Mario Paciolla tried to curb this violence when he was serving the United Nations. On July 15, he was found hanged with his wrists ripped open at his house in San Vicente del Caguán. Cause of death according to the death certificate: "Violence". Local police said it was suicide, but many observers doubt it: the well-known Colombian investigative journalist Claudia Julieta Duque, after analyzing the case, wrote on Twitter: "Mario was not dead, Mario was killed". Paciolla was an Italian citizen. Therefore, the case is now source of international complications.


The silence of the UN


People who are committed to peace have been killed in Colombia for many years. The number of murders is still on the rise and the killers almost always go unpunished. Now, for the first time in Colombian history, a UN employee has been murdered. Although the circumstances have not yet been clarified, this episode once again shows how fragile the peace process in Colombia is, especially in light of the fact that United Nations have released no comment on the death of their employee. Political analyst Giacomo Finzi states that the UN silence testifies to his "failure" to accompany the peace process.
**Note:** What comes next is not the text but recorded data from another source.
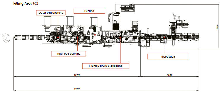 Figure 17: layout of robotized NTT with high-speed PFS fill-finish line.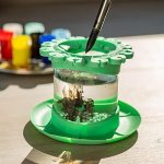 Designed for kid’s classrooms, art studios, and home use, our rinse cups can be used for acrylic, watercolor, and water-based paints. This brush cleaning dish is easy to clean and dishwasher safe. The bottom of each artist paint brush cleaner rinse cup is designed with silicone rubber that removes paint without damaging soft bristles. Designed to keep surfaces safe and not only your brush clean, but the area around you. A wide, stable base collects excess water and paint. This paint brush cleaner tool features a flexible, silicone lid with small brush resting areas inside the cup and outside to hold brushes while they’re rinsing out or not in use. The outside of each lid boasts paint brush holders that keep brushes upright and drying off while protecting surfaces from wet paint.
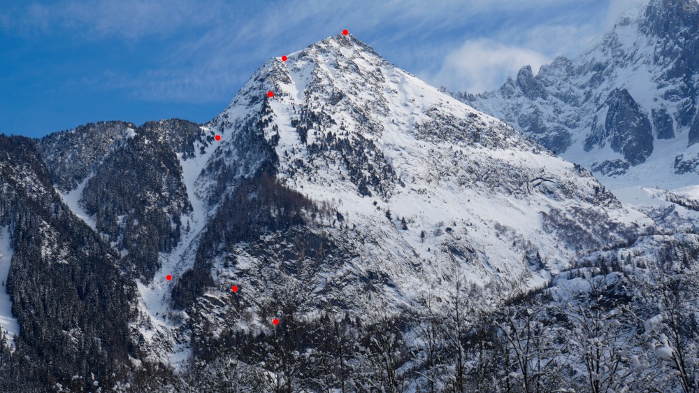 Départ depuis le télécabine de Bochard aux Grands Montets, descendre la Pendant rive gauche, remonter un petit couloir en neige avant l'Aiguille à Bochard, suivre l'Arête effilée jusqu'au sommet. Du sommet descendre encore à pied jusqu'à la grande pente de neige. Skier la pente et rentrer dans le couloir à gauche évident au bout de cette pente. Après 350 mètres prendre à droite pour rejoindre un petit couloir qui permet de rejoindre le Couloir du Chapeau. Descendre le Couloir du Chapeau jusqu'au Lavencher.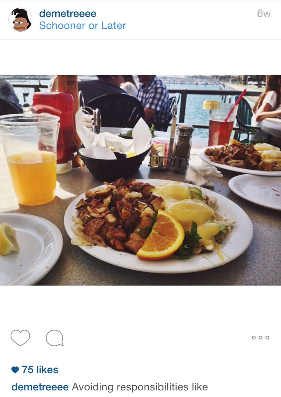 “Nothing like real crab by the docks to make you feel rich AF.” – Demitri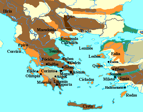 Grecia progresaba muy lentamente. No hacía mucho que Homero había compuesto sus dos famosos poemas: la Ilíada y la Odisea, rememorando para los señores dorios las glorias de la era micénica. La vida seguía siendo dura. La vida en las polis (o ciudades-estado) condicionó fuertemente la evolución de la sociedad griega. La figura del rey perdió relevancia (en una ciudad pequeña y pobre, el rey no podía tener grandes atribuciones, ni hacer grandes ostentaciones). En muchas polis llegó incluso a desaparecer, y el gobierno quedaba en manos de asambleas de nobles (la aristocracia o gobierno de los mejores). Cada ciudad tenía su propio ejército. Estos ejércitos eran, naturalmente, pequeños, formados por soldados de infantería pesadamente armados, los hoplitas. La calidad de vida de una ciudad, dentro de la pobreza generalizada en que vivían todas, dependía en gran medida de la calidad de su ejército, así que los griegos eran ejercitados en el combate desde niños. Las polis más fuertes sometían a sus vecinas.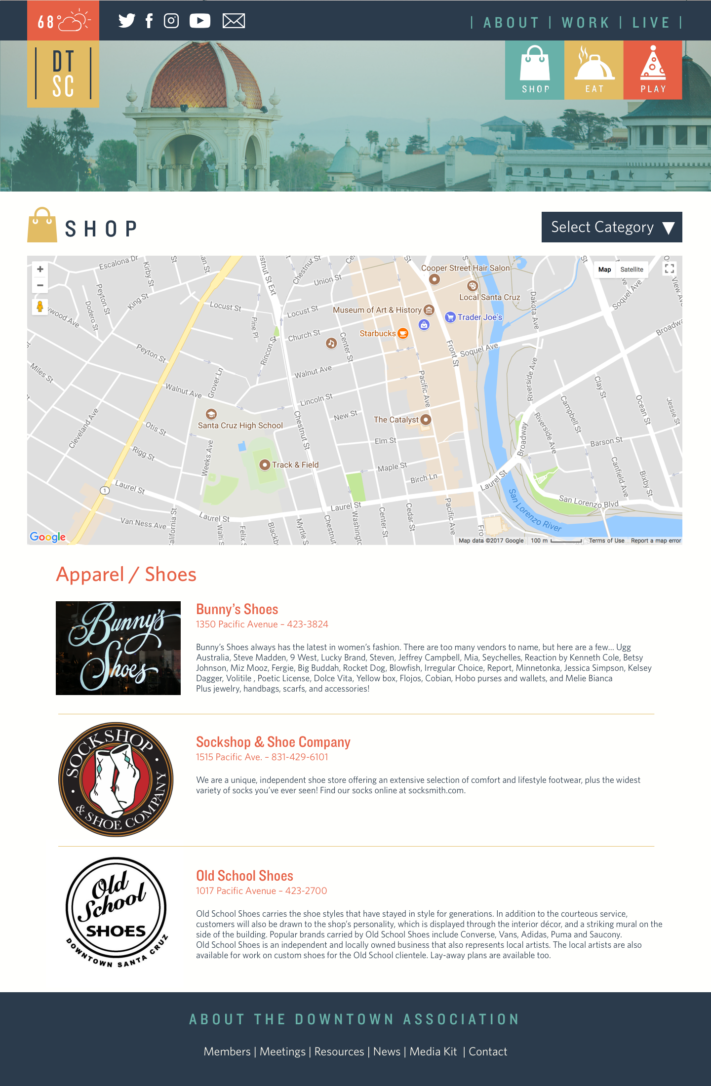Web site design and development for Downtown Association of Santa Cruz, CA.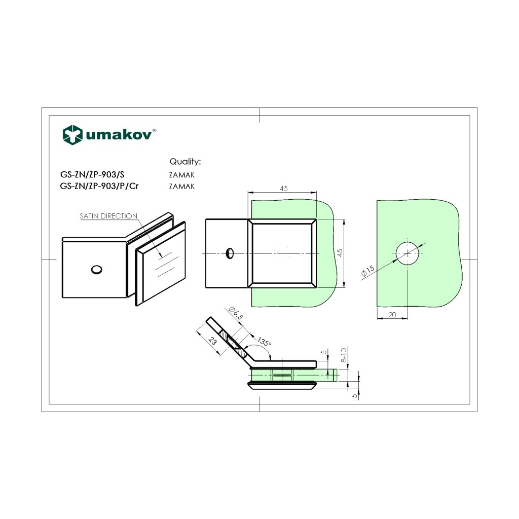 Zasklenie pevne - držiak skla, 135°,Zamak,T 8-10mm

Paciolla has worked for the United Nations Verification Mission (UNVMC) in the Caguán region, which belongs to the Caquetá department, since 2018. The UNVMC's task is to oversee the implementation of the 2016 peace agreement between FARC guerrillas (Forces Revolutionary Armies of Colombia) and the Colombian government. Paciolla knew that area well, having previously worked for two years in Colombia as a volunteer for the NGO Peace Brigades International (PBI). Now the organizations he collaborated with to defend the human rights of activists, are calling for justice.
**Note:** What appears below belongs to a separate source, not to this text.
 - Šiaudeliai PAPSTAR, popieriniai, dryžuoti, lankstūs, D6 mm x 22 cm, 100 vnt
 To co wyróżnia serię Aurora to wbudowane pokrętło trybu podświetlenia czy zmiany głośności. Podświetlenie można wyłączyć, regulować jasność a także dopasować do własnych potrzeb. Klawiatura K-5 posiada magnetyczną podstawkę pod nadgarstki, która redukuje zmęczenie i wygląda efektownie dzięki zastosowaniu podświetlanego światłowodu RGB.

Paciolla's friends describe him as an idealist. His mother Anna Motta defines him as a "brilliant world traveler". The 33-year-old spent his last Christmas together with his parents and sisters in Naples, his hometown, and then left for Colombia. His departure for Italy was planned on July 20: Paciolla had bought a plane ticket for that date, apparently because he was fearing for his safety. His mother told the Italian newspaper "La Repubblica" that "Mario was calm when he left Naples, but when he returned to San Vicente del Caguán, he came in contact with people and circumstances that unfortunately he did not specify, and that was the beginning of his agony".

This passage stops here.